Please return the full listing word for word, leaving out any pictures.

> **Collected data**
········

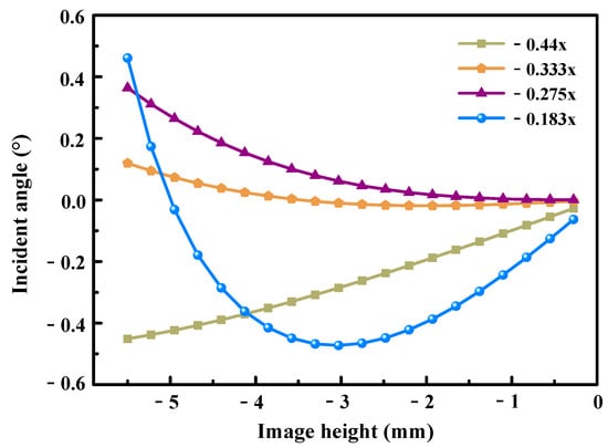 Telecentricity is a critical parameter for assessing the performance of a double telecentric lens. It represents the angle between the chief ray and the optical axis, where an angle of zero signifies absolute telecentricity. Figure 10 depicts the distribution of incident angles at the image plane, wherein these angles serve as an indicator of the telecentricity. As illustrated in the figure, at magnifications of −0.44×, −0.333×, −0.275×, and −0.183×, the corresponding maximum incident angles within the full field of view are 0.45°, 0.12°, 0.36°, and −0.46°, respectively. These results indicate that the system’s telecentricity remains below 1°, satisfying the design specification.
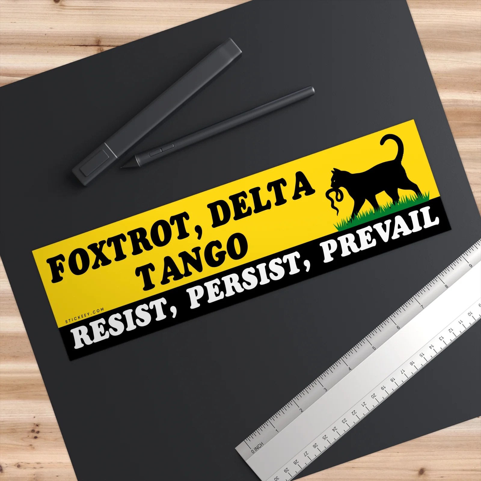 Foxtrot Delta Tango – Resist, Persist, Prevail – Political Bumper Sticker
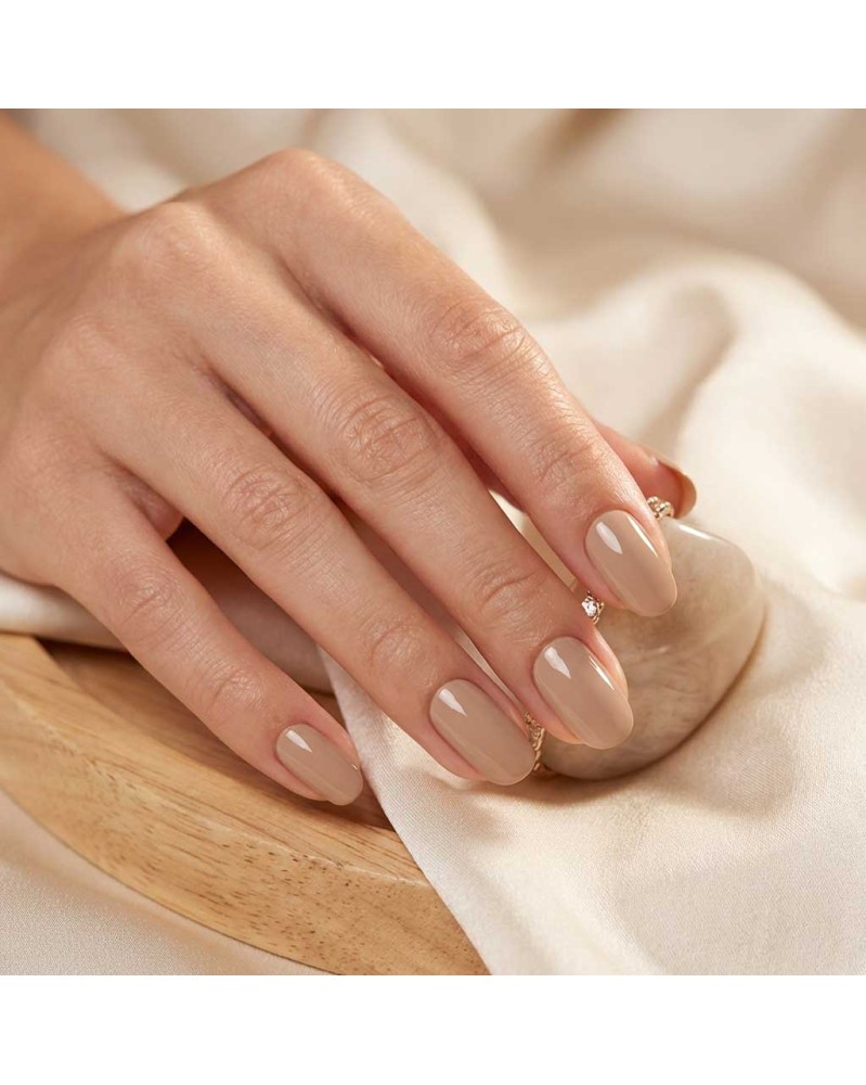 Bereite den Naturnagel mit einer klassischen Maniküre vor und raue anschließend die Nagelplatte mit einer sehr feinen Feile (Grit 180-240) an, bis keine glänzenden Stellen mehr sichtbar sind.
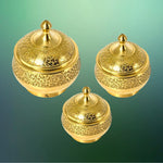 Each bowl is handcrafted by artisans, ensuring unique detailing and a perfect finish. The brass is embossed with an intricate design and coated with a gold finish, giving it a regal and timeless appearance that enhances the elegance of your table.

········

> **Solution to the problem**
 Telecentricity is a critical parameter for assessing the performance of a double telecentric lens. It represents the angle between the chief ray and the optical axis, where an angle of zero signifies absolute telecentricity. Figure 10 depicts the distribution of incident angles at the image plane, wherein these angles serve as an indicator of the telecentricity. As illustrated in the figure, at magnifications of −0.44×, −0.333×, −0.275×, and −0.183×, the corresponding maximum incident angles within the full field of view are 0.45°, 0.12°, 0.36°, and −0.46°, respectively. These results indicate that the system’s telecentricity remains below 1°, satisfying the design specification.
 Foxtrot Delta Tango – Resist, Persist, Prevail – Political Bumper Sticker
 Bereite den Naturnagel mit einer klassischen Maniküre vor und raue anschließend die Nagelplatte mit einer sehr feinen Feile (Grit 180-240) an, bis keine glänzenden Stellen mehr sichtbar sind.
 Each bowl is handcrafted by artisans, ensuring unique detailing and a perfect finish. The brass is embossed with an intricate design and coated with a gold finish, giving it a regal and timeless appearance that enhances the elegance of your table.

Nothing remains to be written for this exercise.